To whom this may concern,
In February 2018 I admitted myself into the Deer Hollow Recovery & Wellness Program after being highly involved in 5 officer-involved shootings within two months. I’ve been a police officer for a little over four years and currently work in Washington State. I heard about Deer Hollow after one of our officers and good friend of mine admitted himself after a shooting we had. He came back a completely different person, and I had never seen him smile as much as he did before he went into Deer Hollow.
I told myself that was where I wanted to be again, and I knew I was going to need help getting there. I told my friend I wanted to go to Deer Hollow and get help. The next day I got a call from Deer Hollow’s admitting staff, who asked me my story, and within the next week my flight was booked, and I was off to Utah. As I got to the residential facility, I walked into this giant four-story home at the top of a snow-covered mountain with the attitude of “I’m just going to do my 30 and get out of here”. I had the mindset that I wasn’t going to make any friends, and I wasn’t going to get close to anyone, but I was so wrong.

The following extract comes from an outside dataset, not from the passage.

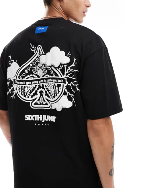 Sixth June printed back motif oversized t-shirt in black

I walked in being judgemental because I was going to be sharing this massive house with a bunch of druggies and alcoholics. I spent my first night alone, and the next day they told me I was getting a roommate who was coming out of detox. I instantly thought “this chick better not steal my shit.” I saw people who did drugs as less than me and that it was their fault for getting themselves into the position they were in, but I got put in my place after hearing my roommates story. The things she has gone through in her life that caused her to start drugs and continue to do the drugs, so she didn’t have to feel the pain and suffering she went through in the past opened my eye. That’s when it hit me; she’s just like me. She went through all these traumas but went a different path than me on how to handle it. It made me think in a different perspective of how I view people who do drugs or alcohol, especially at work. I came out of Deer Hollow with a whole new look on life and a whole new way of treating people at work. Making sure they’re given the compassion they deserve because I have no idea what has happened in their life or what caused them to go down this path. Making sure no one else treats these poor people like crap just because their only outlets they found were drugs or alcohol. These people are human too, and they need help more than anyone else. I left Deer Hollow promising to make a difference and lead the way of how everyone should be treated when he or she deserves it. I made the promise never to go back to that negativity and live a happier lifestyle.
I walked out of that house gaining my life back and the tools to continue it. I gained lifelong friends, and my roommate became my best friend I’ll hold close to my heart for the rest of my life. I got through the emotional pain I have been holding onto and with help concurred one of the hardest things I’ve ever had to do in my entire life. My life has been forever changed for the better personally and professionally. Deer Hollow saved my life, and I will be forever grateful for the opportunities I was given. As a police officer or first responder the stigma is if we ask for help we are weak, but asking for help is the most courageous thing anyone can admit to.
I’d refer anyone who is a first responder to get the amazing experience I got from Deer Hollow. Their clinical staff is incredible, and everyone involved in the facility genuinely knows what they are doing on how to help people gain control of their lives again. Don’t be afraid to ask for help, and when you do go to the best.